▶ _Work instructions_:
Keeping pictures out of the copy, restate each record word for word.

Collected data:

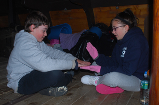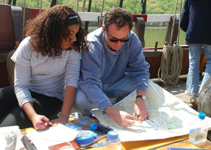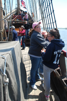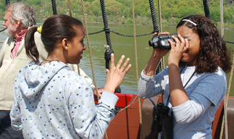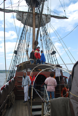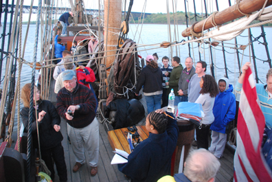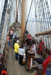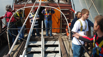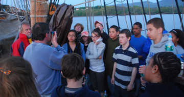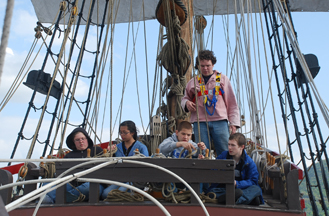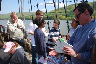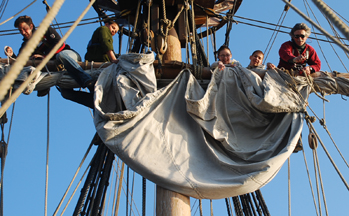 We call all hands on deck and divide the students into two sail handling teams; one to work the fore mast, and one to work the main.
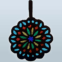 チャームを空(光)にかざすと、本物のステンドグラスの様に薔薇窓が綺麗に浮かび上がります(下写真参照)。
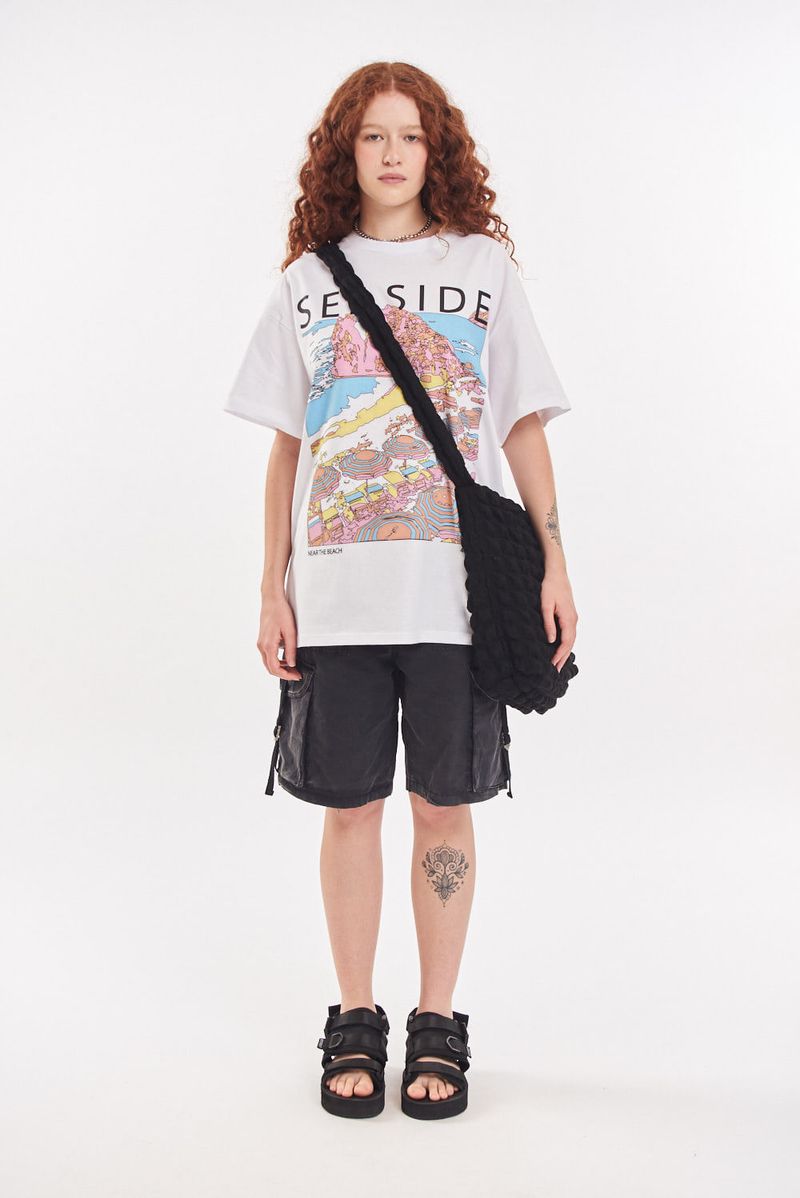 Remeron de jersey 24/1 cuello redondo manga corta. Molderia oversize. Largo por debajo de la cadera. Estampa centrada en frente.
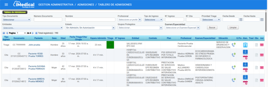 El presente manual tiene como objetivo orientar a los usuarios en el uso adecuado del Tablero de Admisiones, una herramienta diseñada para facilitar la visualización, seguimiento y gestión de la información relacionada con los procesos de admisión de pacientes. A través de esta funcionalidad es posible consultar, filtrar y administrar de manera centralizada los registros asociados a triage, citas y programaciones de cirugía.
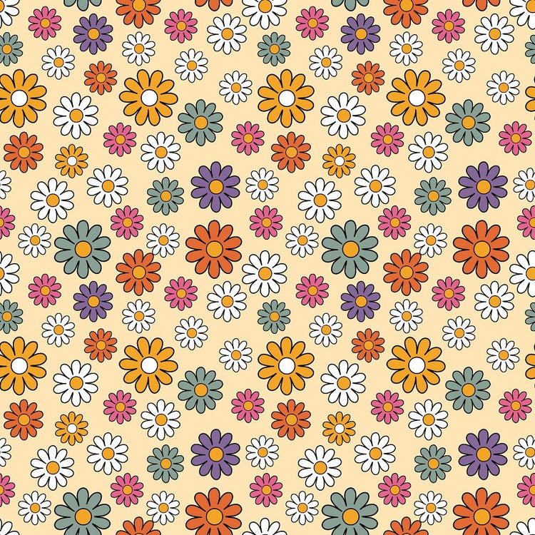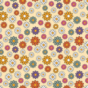 The 70s Retro Floral Allover Fabric is part of the 70s Retro Floral Fabric Collection printed by Sew Creative Fabrics. Digitally Printed on 100% cotton.
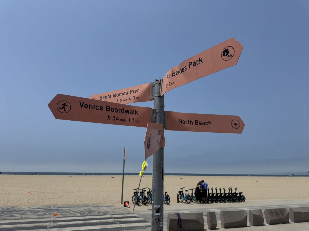 Der heutige Start in den Tag begann, aufgrund etwas längerer (und notwendiger) Schlafenszeit, mit einem strammen Spaziergang zum Abfahrtpunkt unserer Bustour. Das Wetter war super, kein Wind und mit angenehmen 23°C nicht zu heiß. Die Bustour startete mit der „roten Route“, die den ersten Teil von Los Angeles über West Hollywood abdeckte. Wir sind dann in der Station 7 („Beverly Gardens Park“) in die „blaue Route“ umgestiegen, da diese speziell die Strandabschnitte abfährt.
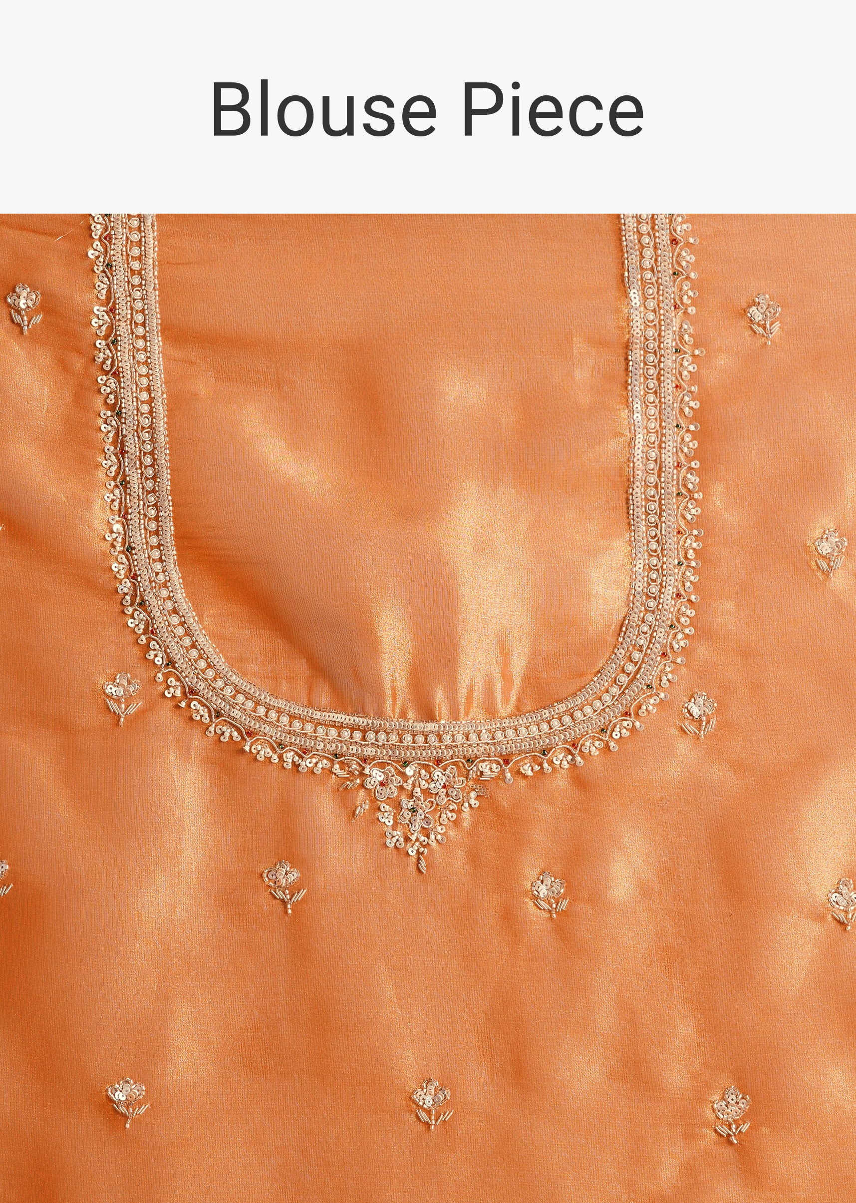 Deep tones stand out instantly, and this rust orange silk embroidered saree does so with ease. The scallop border and blouse fabric are brought to life with cutdana, sequins, beads... More Product Details
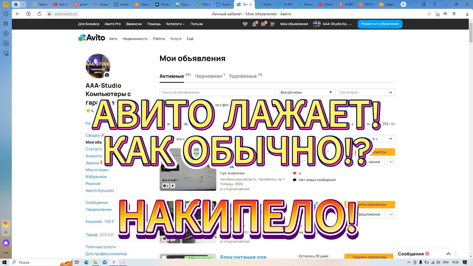 Ролик о том как авито поступает со своими постоянными клиентами. Какое то кидалово! И где искать справедливость, ведь поддержки на авито нет от слова совсем. Ну собственно это и есть будни комиссионки. Жду ваших комментариев и мнений по данной теме!. ---- Собираем компьютеры на заказ. Из новых и бывших в употреблении комплектующих. Для любых бюджетов от 2000р и до бесконечности. Быстро-Качественно-Недорого! Опыт более 20 лет! - Мы в YouTube @AAA-STUDIO74 "Будни комиссионки" - Мы в телеграм @AAA_STUDIO74 (t.me/aaa_studio74). Подписывайтесь чтобы не пропускать наши акции! - Мы в VK @SHEFF_AAA_STUDIO - C нашим ассортиментом можно ознакомиться на авито ( в самом авито в поисковой строке наберите aaa-studio, зайдите в профиль и ознакомьтесь) - Также пишите в viber/ whatsup по номеру 8-999-582-4729
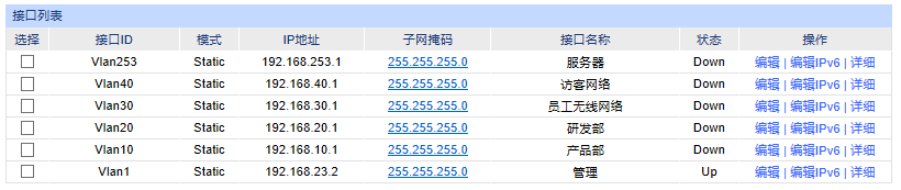 其余VLAN重复步骤即可,完成后接口列表如下:
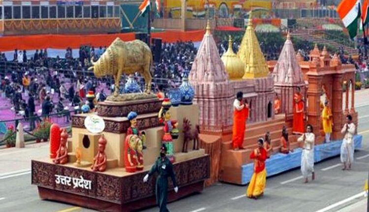The tableau of Uttar Pradesh was based on the theme ‘One District One Product and Kashi Vishwanath Dham’.
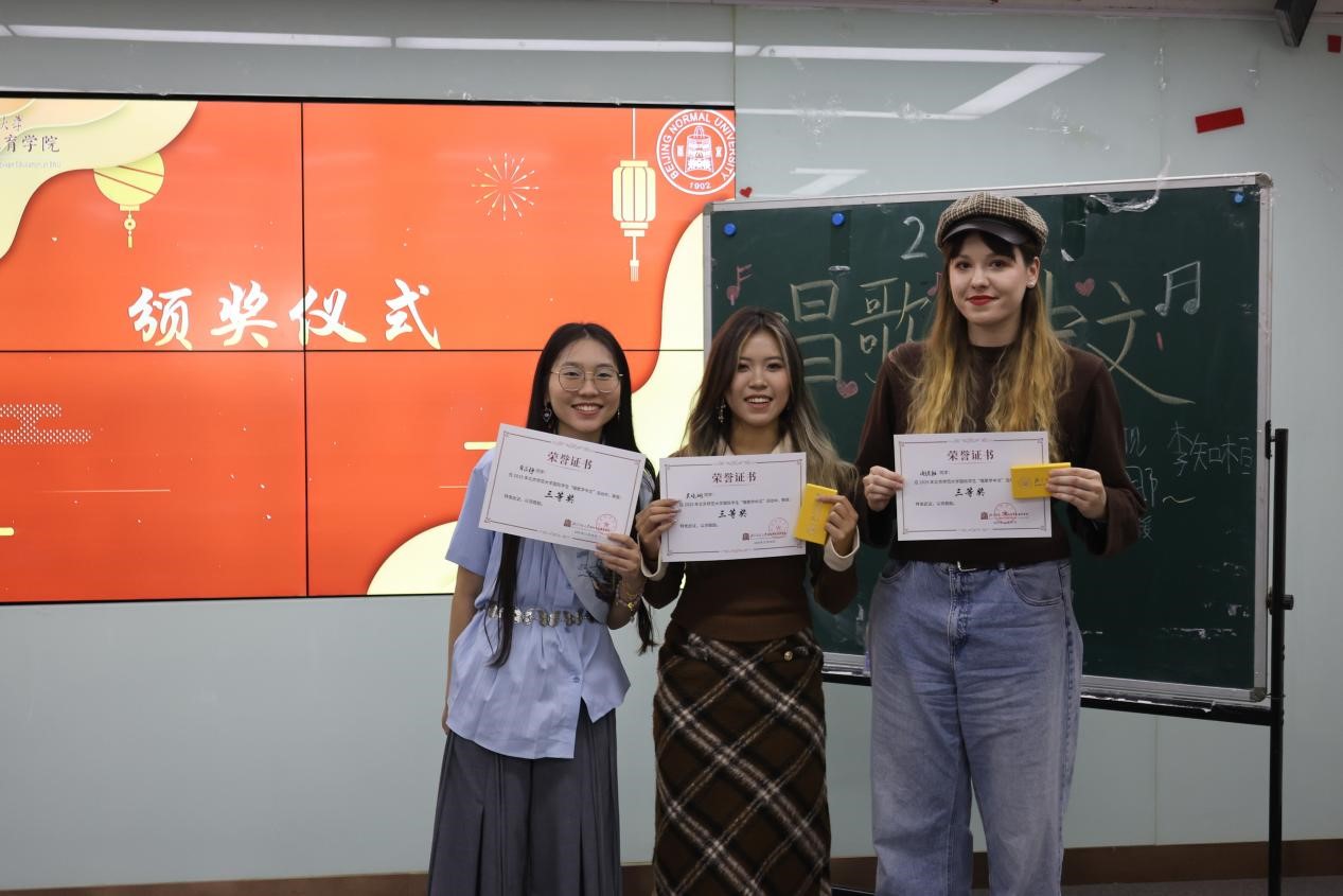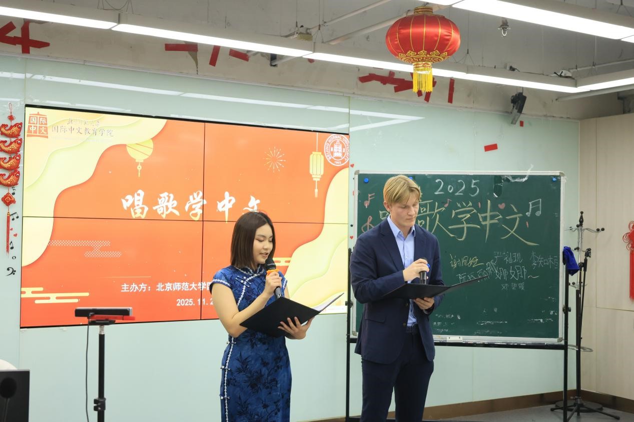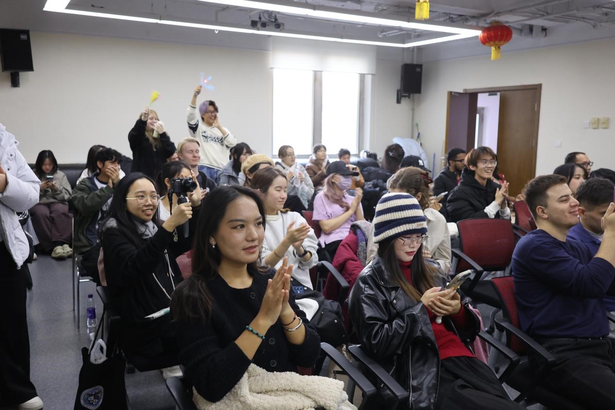 11月28日下午,由国际中文教育学院主办的北京师范大学国际学生“唱歌学中文”比赛在主楼B308圆满举办。来自北师大4个学院9个国家共15名留学生登台现场演唱,近百位国际学生到现场观看,378人参与了线上“最具人气奖”投票。国际交流与合作处留学生办公室教师刘欣雨出席本次活动,刘一杉、卢华岩、李涣、彭金玉、徐棠等几位老师担任本次比赛评委。来自越南的阮玄英和来自美国的和道担任主持人。

▶ _Task solution_:
 We call all hands on deck and divide the students into two sail handling teams; one to work the fore mast, and one to work the main.
 チャームを空(光)にかざすと、本物のステンドグラスの様に薔薇窓が綺麗に浮かび上がります(下写真参照)。
 Remeron de jersey 24/1 cuello redondo manga corta. Molderia oversize. Largo por debajo de la cadera. Estampa centrada en frente.
 El presente manual tiene como objetivo orientar a los usuarios en el uso adecuado del Tablero de Admisiones, una herramienta diseñada para facilitar la visualización, seguimiento y gestión de la información relacionada con los procesos de admisión de pacientes. A través de esta funcionalidad es posible consultar, filtrar y administrar de manera centralizada los registros asociados a triage, citas y programaciones de cirugía.
 The 70s Retro Floral Allover Fabric is part of the 70s Retro Floral Fabric Collection printed by Sew Creative Fabrics. Digitally Printed on 100% cotton.
 Der heutige Start in den Tag begann, aufgrund etwas längerer (und notwendiger) Schlafenszeit, mit einem strammen Spaziergang zum Abfahrtpunkt unserer Bustour. Das Wetter war super, kein Wind und mit angenehmen 23°C nicht zu heiß. Die Bustour startete mit der „roten Route“, die den ersten Teil von Los Angeles über West Hollywood abdeckte. Wir sind dann in der Station 7 („Beverly Gardens Park“) in die „blaue Route“ umgestiegen, da diese speziell die Strandabschnitte abfährt.
 Deep tones stand out instantly, and this rust orange silk embroidered saree does so with ease. The scallop border and blouse fabric are brought to life with cutdana, sequins, beads... More Product Details
 Ролик о том как авито поступает со своими постоянными клиентами. Какое то кидалово! И где искать справедливость, ведь поддержки на авито нет от слова совсем. Ну собственно это и есть будни комиссионки. Жду ваших комментариев и мнений по данной теме!. ---- Собираем компьютеры на заказ. Из новых и бывших в употреблении комплектующих. Для любых бюджетов от 2000р и до бесконечности. Быстро-Качественно-Недорого! Опыт более 20 лет! - Мы в YouTube @AAA-STUDIO74 "Будни комиссионки" - Мы в телеграм @AAA_STUDIO74 (t.me/aaa_studio74). Подписывайтесь чтобы не пропускать наши акции! - Мы в VK @SHEFF_AAA_STUDIO - C нашим ассортиментом можно ознакомиться на авито ( в самом авито в поисковой строке наберите aaa-studio, зайдите в профиль и ознакомьтесь) - Также пишите в viber/ whatsup по номеру 8-999-582-4729
 其余VLAN重复步骤即可,完成后接口列表如下:
The tableau of Uttar Pradesh was based on the theme ‘One District One Product and Kashi Vishwanath Dham’.
 11月28日下午,由国际中文教育学院主办的北京师范大学国际学生“唱歌学中文”比赛在主楼B308圆满举办。来自北师大4个学院9个国家共15名留学生登台现场演唱,近百位国际学生到现场观看,378人参与了线上“最具人气奖”投票。国际交流与合作处留学生办公室教师刘欣雨出席本次活动,刘一杉、卢华岩、李涣、彭金玉、徐棠等几位老师担任本次比赛评委。来自越南的阮玄英和来自美国的和道担任主持人。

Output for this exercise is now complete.